While DOL has previously entered into agreements with state attorney general offices to address specific issues implicating both state and federal law, this agreement is unique in that it is open-ended and broadly focused on an entire industry. The DOL–AG agreement states that the agencies will share “information on a continuing basis regarding particular insurers, fiduciaries, service providers, and other entities and individuals involved with employee benefit plans covered by ERISA, or other applicable federal or state law.”

The AG and the DOL intend to share information regarding:

  • Complaints concerning employee benefit plans, insurers, and related service providers;
  • Violations of ERISA, state law, state or federal regulations and regulatory guidance; and
  • Claims administration, including claims review procedures and external review.

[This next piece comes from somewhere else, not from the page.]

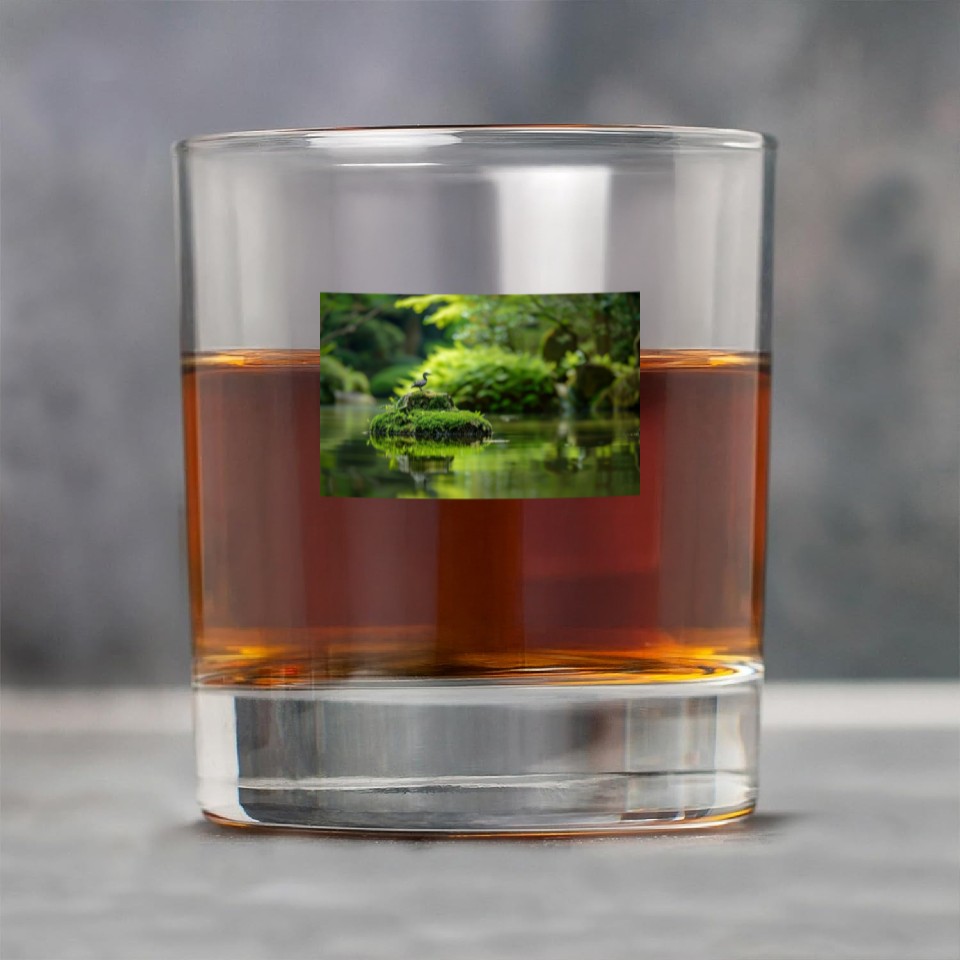 You are shopping for a stunning and trendy product Serene Pond with Bird on Mossy Rock Rock Glasses For belong theme Rock Glasses at Printblur

The AG’s press release provides some insight into what may be the subject of initial investigations, stating that, “[b]y teaming up with the U.S. Department of Labor’s Employee Benefits Security Administration, we will make sure that all types of health plans comply with our vital federal and state consumer protection laws, such as the Affordable Care Act’s preventive services provisions and laws requiring equal coverage for mental health and addiction treatment.”

As noted by the AG, the two agencies working together will have access to information, investigative authority, and enforcement tools exceeding that of either agency acting independently. DOL has broad regulatory discretion and a reach that extends to both insured and self-insured employee health benefit plans. DOL regularly audits health insurers, self-insured employer health benefit plans, and third-party administrators. If DOL identifies violations, it may impose substantial criminal and civil penalties. The AG investigates violations of New York State law and similarly has authority to pursue substantial criminal and civil penalties under State law. Unlike DOL, due to federal preemption, the AG cannot independently investigate self-insured employee health benefit plans and most violations of federal law.

Approximately 60 percent of employees with employment-based health insurance coverage are enrolled in self-insured plans. Absent this agreement, the AG would have limited jurisdiction to pursue perceived violations of ERISA relating to such plans. Exclusive federal regulation of self-insured plans was designed to permit large employers to administer employee health benefit plans across state lines subject to consistent and uniformly enforced regulatory requirements. Through the DOL agreement, the AG will now have a role in overseeing how such plans operate in New York State. 

The focus on mental health parity is likely to be especially challenging. Requirements regarding coverage of mental health and alcohol and substance abuse have rapidly evolved in recent years under both state and federal laws. Such requirements have varied by market and differed depending on whether a plan was insured or self-insured. If the AG conducts retrospective audits for time periods where these requirements were in an almost continuous state of flux, there may be differences of opinion as to the applicable requirements.

New York health plans that offer fully insured coverage have extensive experience working with the AG’s Health Bureau. However, self-insured employers, and TPAs serving such employers, should now be aware that the AG’s Health Bureau will have a role in overseeing their compliance with federal rules.